Matahari  lagi garang-garangnya siang itu. Sangat terik,  hingga ubun-ubun ini penuh oleh rekahan keringat.  Untuk kepentingan kantor, saya mengunjungi salah satu koperasi di pusat Kota Maros. Dan lagi, untuk keperluan survei keuangan lembaga, dalam hal ini sektor koperasi.  Koperasi ini tepatnya menaungi guru-guru SD di Kota Maros. Keluar dari ruangan bendahara, dua ibu-ibu yang kutaksir umurnya berkepala lima  sontak menanyaiku mengenai ketersediaan uang, serta jumlah uang yang hendak  kupinjam. Saya menimpali tersenyum. Dan mereka lalu nyerocos tanpa kutanyai, bahwa keperluannya kali ini untuk meminjam beberapa juta duit untuk keperluan kuliah. Mengejar pendidikan strata satu. Saya pun mempertegas. Apakah yang ingin kuliah benar mereka? atau anak? ataukah cucunya?Dan mereka kompak menjawab, kuliah untuk diri mereka sendiri.

Naluri rasa ingin tahu saya keluar. Kuliah?Edan saja kedengarannya. Pendidikan memang tidak mengenal umur. Justru saya sangat bangga dan iri hati, jika melihat ada orang tua di masa senjanya dengan serius ingin belajar di kelas formal lagi. Tapi aneh saja rasanya, melihat fisiknya yang sudah mengerut, stamina yang tidak segar,  terlebih beberapa bulan lagi menurut dari mereka akan memasuki masa purnabakti. Dan dengan tekad bulat ingin kuliah? Memunculkan tanda tanya besar pastinya.
            Dari hasil perbincangan, ternyata  niat mereka terkuak sendiri. Ada kekhawatiran akan tanggungan masa pensiun mereka kelak. Bahwasanya oleh Kementerian Dalam Negeri tidak akan memuluskan jaminan masa tua mereka, jika hanya mentok di pendidikan SMU. Sontak saja, mereka kelimpungan mencari pinjaman yang tidak sedikit untuk menggengam gelar sarjana. Koperasi ini adalah tempat paling pas untuk mendapat bantuan tunai secepatnya. Dan juga, beberapa Perguruan Tinggi Swasta (PTS) telah diselidikinya, untuk mendapat tempat yang paling pas dan cepat mengeluarkan ijazah yang diinginkan.
            Miris memang. Pendidikan oleh sebagian besar orang dianggap hanya alat pemuas kepentingan duniawi saja. Hanya pemanis di belakang nama saja. Dan penyempurna kebutuhan administrasi ketika melamar kerja dan kelengkapan berkas lainnya. Padahal esensi dari pendidikan itu, tidak lebih dari upaya mencerdaskan diri sendiri dan bangsa. Jika guru-guru setipe ini saja berpikir dangkal,  berupaya membeli ‘gelar’ pendidikan, bagaimana nasib anak didik mereka di ruang-ruang kelas. Esensi pendidikan mestinya diperkokoh sejak dini pada anak didik kita dmanapun berada. Bahwa untuk meraih gelar ‘berpendidikan’ secara utuh harus dengan kerja keras dan mental baja. Salah  besar jika menukarnya dengan lembar-lembar rupiah dan kekayaan.
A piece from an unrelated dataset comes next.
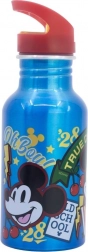 Tartós alumínium ivópalack MICKEY MOUSE mintával, 545 ml űrtartalommal, gyerekeknek és felnőtteknek. Csavaros kupakot, kiömlést gátló szívószálat, praktikus hordfület kínál, és BPA-mentes.

            Saya teringat pula, seorang teman  yang dengan bangga menceritakan kelulusannya menjadi Pegawai Negeri Sipil di salah satu kementerian bergengsi. Dan tak kalah bangga, dia lantangkan satu hal yang memuluskan kelulusannya.  Membeli ‘gelar’ di salah satu PTS di Makassar, yang sesuai spesifikasi ilmu yang dicarinya. Sangat gampang baginya.
            Yah, seperti itulah realitas yang tersaji di depan mata. Pendidikan memang tak mengenal umur. Muda dan tua, semua punya hak untuk mengejar pendidikan setinggi-tingginya. Tapi pada faktanya,  Si Muda dan Si Tua ini malah satu misi untuk membeli pendidikan tinggi ini untuk tujuan terselubung. Maka, berbanggalah mereka yang meraih sebaik-baik pendidikan itu dengan kejujuran, kerja keras, dan mental petarung. Sejauh ini, saya masih sepakat bahwa intisari pendidikan itu adalah proses. Proses menerima ilmu, dan mencerna ilmu itu secara bijak dan mencari pembenaran di atas diktat-diktat kuliah , ruang-ruang diskusi, buku-buku bacaan, dan forum ilmiah lainnya. Dan mental petarung itu sungguh teruji tatkala mendekati garis finish. Dimana kekuatan dan ujian justru datang dalam berbagai bentuk. Seolah ingin menguji mental kita di ujung perjuangan.
Akhir perbincangan, saya sempat bertanya kepada kedua Ibu ini. Apakah Ibu-Ibu ingin anak didiknya kelak berhasil?Jika mereka berhasil dengan  jalan curang dan tidak jujur, apakah Ibu-Ibu tetap bangga?Keduanya terdiam dan tertunduk malu.Mari tanyakan pada diri sendiri.